Avoid the Risks of Surgical Smoke in Theatre

What is surgical smoke?
Laser and electrocautery devices used during surgery produce smoky emissions that may contain vapours and particulate aerosols, which can have a chemical and biological impact on those exposed.

Who is at risk?
Theatre staff, who inhale surgical smoke on a regular basis, and patients.

What is in smoke plume?
Acetontrile, Acetylene, Acrolein, Alkybenzene, Benzene, Bioaerosols, Blood fragments, Butene and Carbon Monoxide.

There is increasing evidence that smoke plume in theatres generated by the use of laser, sonic or ultrasonic devices can be hazardous for theatre staff. The evidence suggests that smoke plume created by using these devices can contain toxic chemicals, carbonised tissue, blood particles, viral DNA particles, bacteria and carbon dioxide.

Without adequate protection surgical teams are at risk of inhaling the small particles and gases created during surgical procedures. The unpleasant odour of surgical smoke plume is evidence of the harmful contents of the smoke. The smell is a combination of chemical by-products when using laser or electro-surgical instruments. Theatre staff often report smelling unpleasant odours during surgery.

Fact – If you can smell it, you are breathing it in.

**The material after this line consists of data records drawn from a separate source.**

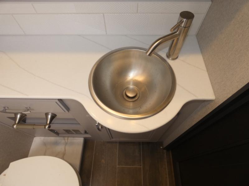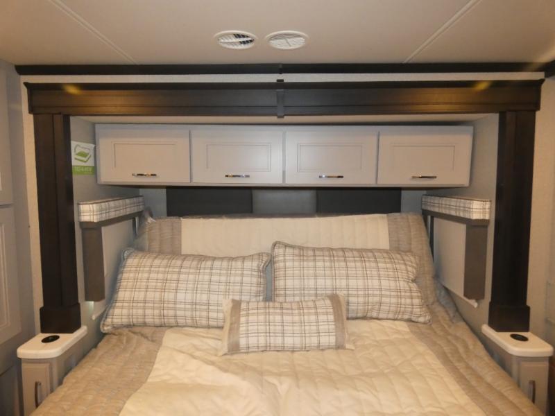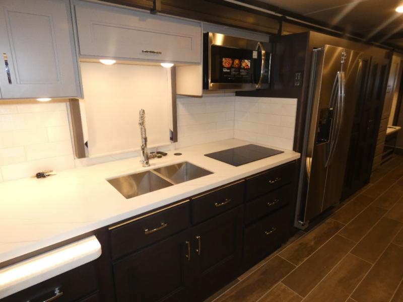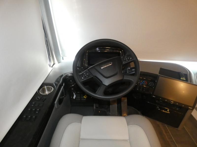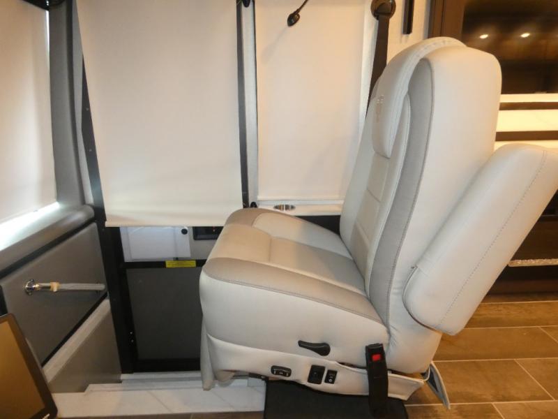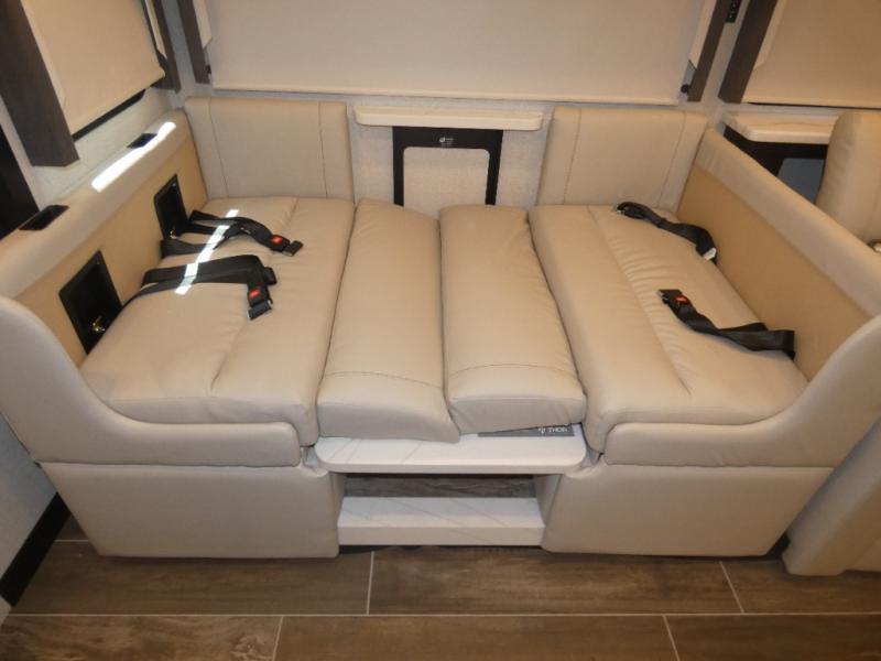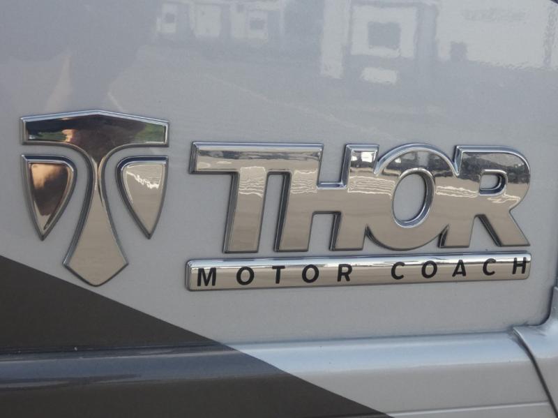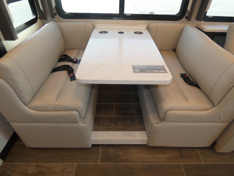 With any Aria Class A diesel motorhome by Thor Motor Coach, experience RV living with all the luxurious amenities you are accustom to, command the roadways with improved handling from the VFS front axle with a 55-degree wheel cut, and enjoy a smooth ride thanks to the Air-Ride suspension and Sachs shock absorbers. The driver will also appreciate the 10.1" touchscreen dash radio with Bluetooth, and Sirius/XM prep when navigating the roads, and the comfort of the leatherette reclining/swivel adjustable captain's chairs. The bathroom provides an oversized full height shower with a glass door and a designer backsplash, while the kitchen provides solid surface countertops and a dinette. You'll also enjoy designer tile backsplash, a large double bowl stainless steel sink with a single handle faucet, a pull-down sprayer, plus full kitchen amenities. More standout features include the Wyndham cabinetry with rake style cabinet doors & nickel finish hardware, plus much much more depending on the Aria you take on the road!
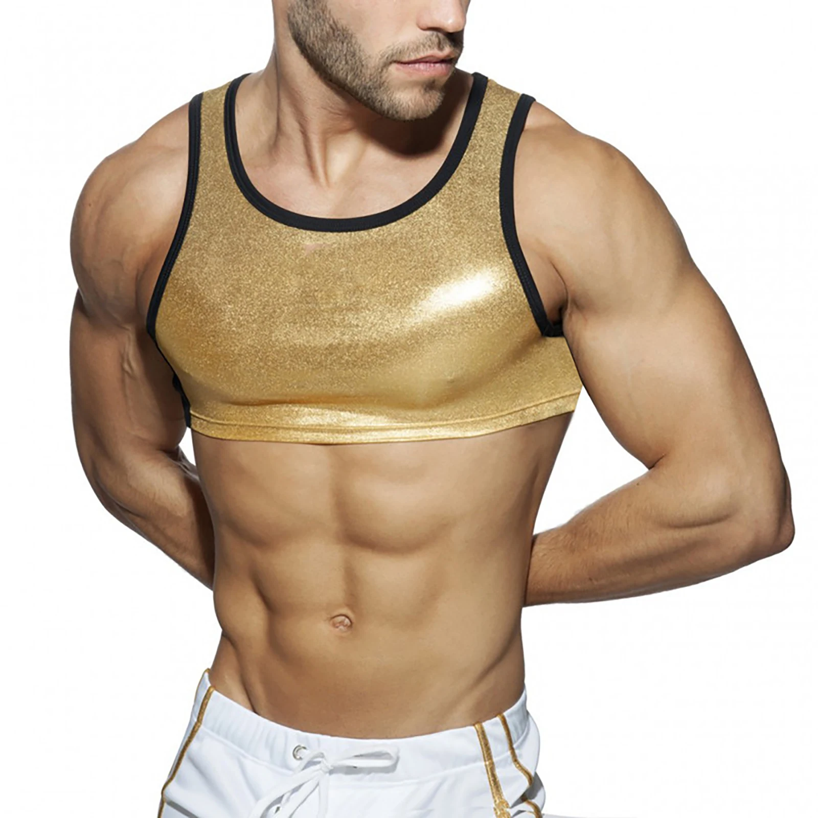 Кроп-топ мужской короткий блестящий, пикантная майка без рукавов, металлик, модная Клубная одежда для ночных вечеринок, облегающая футболка
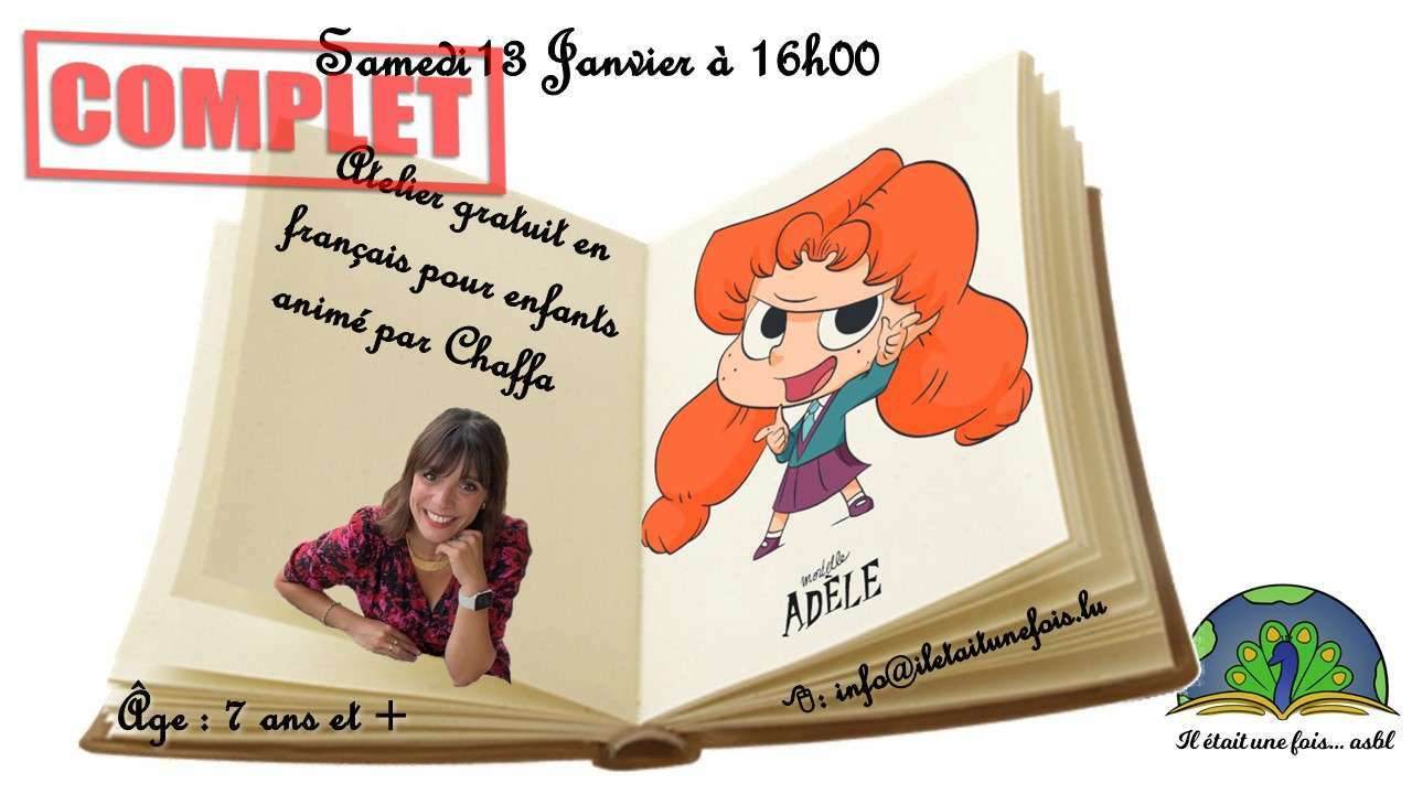 ![]() | ***ANNULé*** Atelier de lecture interactive pour enfants (7+)13. January 2024 | de 16h30 à 17h30 Code activité AT130124FR ***ANNULé***Mortelle Adèle Atelier de lecture pop-up interactive pour enfants Langue: français âge: 7 ans et plus Animatrices : Chaffa et Hanna Présence d'un adulte indispensable avec l'enfant Prix: gratuit Durée: une heure Mortelle Adèle - - - - - - - - - - - - - - - - - - - - - - Au menu: - lecture - coloriage - création d’une planche de BD - - - - - - - - - - - - - - - - - - - - - - Inscription : info@iletaitunefois.lu (merci d'indiquer le prénom et l'âge de l'enfant) 1-2) Peter 10 et Anna Lisa 7 3) Noelia 8 4-5) Eva 10 et Victor 7 6) Romane 7 7) Lina 8 8) Diana 8 ***COMPLET*** |

Serious risks associated with surgical smoke include: Hepatitis B, HIV, Carcinoma, Emphysema, Asthma, Pulmonary congestion and chronic bronchitis.

Experts have said:
• “Although some viruses do not aerosolise efficiently, others do, along with bacteria” (Sehulster LM 2004).
• “Blood contained in aerosols could expose surgeons to HIV & Hepatitis” (Bureau of National Affairs, Inc study).
• “Laryngeal papillomatosis with human papillomavirus DNAcontracted by laser surgeon” (Hallmo & O Naess).
• “Human papillomavirus that cause genital warts seem to have a predilection for infecting the upper airway mucosa and laser plume containing these viruses may represent more of a hazard to the surgeon” (Hugh M Gloster Jr MD, 1995).

How to help to combat the risks associated with Surgical Smoke?
Firstly, it’s important to note that surgical face masks are ineffective against surgical smoke plume. This is supported by the MHRA:
“Masks, including special laser surgical masks, are not recommended for use as a primary method of filtration: these protective Masks may not be sufficiently effective as the primary method of smoke plume filtration. They may not create an effective seal around the face” (MHRA-DB 2008 (03) April 2008.

Secondly, surgical smoke extractors are also not always effective at protecting you in theatre.

In order to combat surgical smoke plume effectively it is recommended to use an FFP3 Respirator for all clinical staff working with laser and electrocautery devices in theatres.

The respirator meets the requirements of EN149:2001 and protects against fine toxic dusts, fumes, oil-based mists/aerosols and airborne pathogens. Protection against non-toxic and low to average toxicity solid and liquid aerosols.